O incêndio começou durante a madrugada, e as causas estão sendo investigadas, disse o porta-voz do Serviço de Gestão de Emergências, Robert Mulaudzi. Ao menos 12 crianças morreram, incluindo um bebê com menos de dois anos. A maior parte das vítimas foi intoxicada por inalação de fumaça.

Imagens transmitidas pela TV local mostraram vários caminhões de bombeiros e ambulâncias do lado de fora do prédio, que foi isolado pela polícia. O fogo foi controlado, e o resgate de mortos e sobreviventes se estendeu por horas. Algumas vítimas ficaram irreconhecíveis devido às queimaduras.

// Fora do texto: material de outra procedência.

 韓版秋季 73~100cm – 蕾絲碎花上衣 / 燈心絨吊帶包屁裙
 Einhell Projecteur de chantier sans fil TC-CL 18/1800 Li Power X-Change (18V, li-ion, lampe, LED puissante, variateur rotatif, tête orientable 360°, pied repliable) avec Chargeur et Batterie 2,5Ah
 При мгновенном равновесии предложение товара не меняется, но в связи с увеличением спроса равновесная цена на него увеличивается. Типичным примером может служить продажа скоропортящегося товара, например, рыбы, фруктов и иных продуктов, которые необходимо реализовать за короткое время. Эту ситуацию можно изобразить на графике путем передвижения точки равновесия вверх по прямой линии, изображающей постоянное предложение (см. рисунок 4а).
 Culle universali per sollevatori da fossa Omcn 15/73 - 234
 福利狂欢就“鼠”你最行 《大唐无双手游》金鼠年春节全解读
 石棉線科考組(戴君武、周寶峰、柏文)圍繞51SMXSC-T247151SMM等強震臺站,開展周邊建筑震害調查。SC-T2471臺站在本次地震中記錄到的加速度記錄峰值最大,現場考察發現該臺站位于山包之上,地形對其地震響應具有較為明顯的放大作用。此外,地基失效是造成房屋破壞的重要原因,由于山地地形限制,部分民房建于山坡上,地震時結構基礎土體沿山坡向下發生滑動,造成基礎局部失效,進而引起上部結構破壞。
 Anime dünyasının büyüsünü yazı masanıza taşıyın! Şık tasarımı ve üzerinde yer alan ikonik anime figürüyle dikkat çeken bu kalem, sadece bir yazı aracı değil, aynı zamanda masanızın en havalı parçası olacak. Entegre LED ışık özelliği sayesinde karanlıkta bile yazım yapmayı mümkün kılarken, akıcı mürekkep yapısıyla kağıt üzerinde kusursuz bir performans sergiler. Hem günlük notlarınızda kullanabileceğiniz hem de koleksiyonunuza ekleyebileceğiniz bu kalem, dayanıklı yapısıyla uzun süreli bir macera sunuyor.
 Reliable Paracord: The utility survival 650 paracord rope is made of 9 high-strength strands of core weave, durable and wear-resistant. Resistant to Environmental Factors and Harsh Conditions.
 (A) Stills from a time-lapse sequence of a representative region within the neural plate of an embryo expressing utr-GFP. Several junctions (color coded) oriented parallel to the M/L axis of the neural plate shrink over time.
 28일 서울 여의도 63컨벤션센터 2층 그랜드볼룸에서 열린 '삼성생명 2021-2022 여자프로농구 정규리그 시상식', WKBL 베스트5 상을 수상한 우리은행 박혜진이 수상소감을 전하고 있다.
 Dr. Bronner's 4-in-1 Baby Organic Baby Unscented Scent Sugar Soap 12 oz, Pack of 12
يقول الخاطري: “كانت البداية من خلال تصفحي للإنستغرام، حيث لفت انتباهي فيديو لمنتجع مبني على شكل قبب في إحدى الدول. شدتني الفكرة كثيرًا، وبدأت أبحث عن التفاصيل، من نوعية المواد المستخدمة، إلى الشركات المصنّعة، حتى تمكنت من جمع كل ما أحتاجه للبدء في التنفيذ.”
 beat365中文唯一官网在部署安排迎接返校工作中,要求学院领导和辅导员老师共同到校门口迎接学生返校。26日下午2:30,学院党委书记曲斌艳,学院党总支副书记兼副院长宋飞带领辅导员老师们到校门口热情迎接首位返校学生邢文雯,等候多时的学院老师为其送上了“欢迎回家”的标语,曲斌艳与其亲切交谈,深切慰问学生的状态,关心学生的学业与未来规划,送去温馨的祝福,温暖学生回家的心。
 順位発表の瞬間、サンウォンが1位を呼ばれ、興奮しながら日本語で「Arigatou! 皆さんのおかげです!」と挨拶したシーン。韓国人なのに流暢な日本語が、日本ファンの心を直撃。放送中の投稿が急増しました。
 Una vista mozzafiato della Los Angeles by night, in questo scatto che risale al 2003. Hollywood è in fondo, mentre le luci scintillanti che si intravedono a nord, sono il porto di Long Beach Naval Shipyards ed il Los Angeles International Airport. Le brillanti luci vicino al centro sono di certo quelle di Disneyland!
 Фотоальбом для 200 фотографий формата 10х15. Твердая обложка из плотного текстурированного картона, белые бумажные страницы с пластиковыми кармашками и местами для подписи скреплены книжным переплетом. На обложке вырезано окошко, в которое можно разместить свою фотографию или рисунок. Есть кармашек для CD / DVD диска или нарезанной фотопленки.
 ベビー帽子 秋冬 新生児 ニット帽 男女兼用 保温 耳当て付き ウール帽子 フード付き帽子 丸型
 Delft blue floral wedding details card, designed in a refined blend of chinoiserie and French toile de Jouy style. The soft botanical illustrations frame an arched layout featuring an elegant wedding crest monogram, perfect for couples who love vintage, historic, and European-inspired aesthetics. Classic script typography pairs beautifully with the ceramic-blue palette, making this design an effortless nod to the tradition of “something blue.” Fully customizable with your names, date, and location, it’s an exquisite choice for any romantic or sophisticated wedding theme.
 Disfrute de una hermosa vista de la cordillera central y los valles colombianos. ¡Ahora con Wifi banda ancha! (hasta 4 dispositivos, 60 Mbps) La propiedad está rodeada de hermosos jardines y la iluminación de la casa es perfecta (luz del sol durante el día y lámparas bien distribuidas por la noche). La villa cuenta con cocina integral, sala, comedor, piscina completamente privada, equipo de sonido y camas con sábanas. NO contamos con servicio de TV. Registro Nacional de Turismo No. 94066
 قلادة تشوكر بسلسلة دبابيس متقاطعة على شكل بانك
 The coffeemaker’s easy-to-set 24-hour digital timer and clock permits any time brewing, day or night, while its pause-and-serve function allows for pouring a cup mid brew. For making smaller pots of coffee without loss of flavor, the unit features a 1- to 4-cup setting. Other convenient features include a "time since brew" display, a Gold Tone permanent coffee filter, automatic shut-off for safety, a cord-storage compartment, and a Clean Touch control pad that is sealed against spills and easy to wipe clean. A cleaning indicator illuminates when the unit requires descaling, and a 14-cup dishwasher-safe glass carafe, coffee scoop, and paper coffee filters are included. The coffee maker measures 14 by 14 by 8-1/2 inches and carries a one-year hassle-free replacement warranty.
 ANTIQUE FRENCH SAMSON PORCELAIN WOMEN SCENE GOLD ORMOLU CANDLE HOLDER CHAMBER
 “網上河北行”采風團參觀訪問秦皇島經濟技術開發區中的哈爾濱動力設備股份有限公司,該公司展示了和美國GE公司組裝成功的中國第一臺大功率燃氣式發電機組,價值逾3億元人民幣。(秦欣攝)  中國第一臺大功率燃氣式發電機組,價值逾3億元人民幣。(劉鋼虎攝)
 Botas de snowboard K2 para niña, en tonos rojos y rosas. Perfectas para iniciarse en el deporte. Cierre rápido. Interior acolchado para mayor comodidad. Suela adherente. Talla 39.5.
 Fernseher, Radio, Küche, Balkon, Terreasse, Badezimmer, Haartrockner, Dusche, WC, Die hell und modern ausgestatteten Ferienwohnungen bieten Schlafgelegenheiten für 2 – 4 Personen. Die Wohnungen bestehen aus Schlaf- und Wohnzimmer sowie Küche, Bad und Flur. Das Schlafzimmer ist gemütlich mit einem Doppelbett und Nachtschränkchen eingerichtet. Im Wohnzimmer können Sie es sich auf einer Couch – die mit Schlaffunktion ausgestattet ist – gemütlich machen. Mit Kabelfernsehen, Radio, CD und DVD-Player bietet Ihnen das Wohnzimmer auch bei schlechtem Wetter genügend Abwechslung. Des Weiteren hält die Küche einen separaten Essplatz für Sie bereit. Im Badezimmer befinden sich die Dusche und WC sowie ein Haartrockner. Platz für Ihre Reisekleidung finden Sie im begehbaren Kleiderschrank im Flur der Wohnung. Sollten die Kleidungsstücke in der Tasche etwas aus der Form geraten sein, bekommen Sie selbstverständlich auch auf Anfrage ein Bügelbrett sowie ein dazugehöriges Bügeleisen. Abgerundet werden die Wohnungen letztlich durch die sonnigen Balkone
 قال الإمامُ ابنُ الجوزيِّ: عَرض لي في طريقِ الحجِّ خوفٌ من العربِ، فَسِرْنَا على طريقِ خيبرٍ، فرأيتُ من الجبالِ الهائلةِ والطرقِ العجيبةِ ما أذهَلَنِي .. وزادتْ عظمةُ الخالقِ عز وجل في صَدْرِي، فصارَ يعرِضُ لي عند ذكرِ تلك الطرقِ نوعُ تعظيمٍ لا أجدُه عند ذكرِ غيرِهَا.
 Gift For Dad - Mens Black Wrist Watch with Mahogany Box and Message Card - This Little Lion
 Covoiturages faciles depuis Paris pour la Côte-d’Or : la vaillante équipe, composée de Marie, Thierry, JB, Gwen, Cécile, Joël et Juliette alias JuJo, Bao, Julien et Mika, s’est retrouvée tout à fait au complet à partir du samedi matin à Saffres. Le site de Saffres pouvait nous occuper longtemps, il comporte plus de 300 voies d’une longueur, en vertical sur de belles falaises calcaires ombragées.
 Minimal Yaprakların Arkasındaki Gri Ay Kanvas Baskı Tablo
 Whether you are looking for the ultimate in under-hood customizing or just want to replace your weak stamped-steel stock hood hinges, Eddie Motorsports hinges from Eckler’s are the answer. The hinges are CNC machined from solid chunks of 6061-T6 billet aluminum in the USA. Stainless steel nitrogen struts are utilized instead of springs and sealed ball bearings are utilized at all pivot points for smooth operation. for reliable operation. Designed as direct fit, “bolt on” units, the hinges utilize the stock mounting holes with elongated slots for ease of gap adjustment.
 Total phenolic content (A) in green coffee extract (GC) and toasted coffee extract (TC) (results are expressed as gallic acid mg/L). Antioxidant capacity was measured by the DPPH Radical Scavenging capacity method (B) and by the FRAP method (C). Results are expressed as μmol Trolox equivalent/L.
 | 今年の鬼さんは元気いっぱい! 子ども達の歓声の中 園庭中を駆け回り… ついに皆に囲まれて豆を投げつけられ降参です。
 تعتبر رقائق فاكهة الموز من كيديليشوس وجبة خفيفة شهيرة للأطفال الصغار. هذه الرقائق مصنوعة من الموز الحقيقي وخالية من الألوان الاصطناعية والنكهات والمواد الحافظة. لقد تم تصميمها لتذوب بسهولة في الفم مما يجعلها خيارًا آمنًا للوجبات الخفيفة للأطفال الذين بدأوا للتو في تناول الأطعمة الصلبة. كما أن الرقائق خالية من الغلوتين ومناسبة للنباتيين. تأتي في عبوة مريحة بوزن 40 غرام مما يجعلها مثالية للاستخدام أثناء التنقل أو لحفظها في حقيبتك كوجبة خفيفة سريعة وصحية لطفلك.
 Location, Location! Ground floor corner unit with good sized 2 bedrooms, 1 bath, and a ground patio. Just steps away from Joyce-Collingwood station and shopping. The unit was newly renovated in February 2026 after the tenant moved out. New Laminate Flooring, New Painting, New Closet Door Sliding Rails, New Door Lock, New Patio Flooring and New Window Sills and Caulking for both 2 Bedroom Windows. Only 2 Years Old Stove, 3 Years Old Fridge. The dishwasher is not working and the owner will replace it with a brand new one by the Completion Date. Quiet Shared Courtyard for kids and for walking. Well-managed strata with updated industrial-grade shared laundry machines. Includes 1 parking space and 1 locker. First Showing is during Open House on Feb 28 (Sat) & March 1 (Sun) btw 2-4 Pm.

“Estamos avançando, andar por andar, para recuperar os corpos”, disse Mulaudzi. “É um dia muito triste para Joanesburgo […]. Em mais de 20 anos de serviço nunca vi algo assim.” Dezenas de corpos carbonizados foram enfileirados e enrolados em lençóis numa rua próxima ao local do incêndio. O prédio atingido pelas chamas fica num bairro que já foi comercial e hoje recebe poucos recursos do Estado.

O incêndio começou por volta de 1h30 no horário local (22h30 de quarta em Brasília). Um homem de 25 anos que sobreviveu ao incêndio e se identificou apenas como Leo disse que escapou com a mãe pelas escadas. “Estava escuro e havia muita fumaça. Não dava para ver nada”, afirmou.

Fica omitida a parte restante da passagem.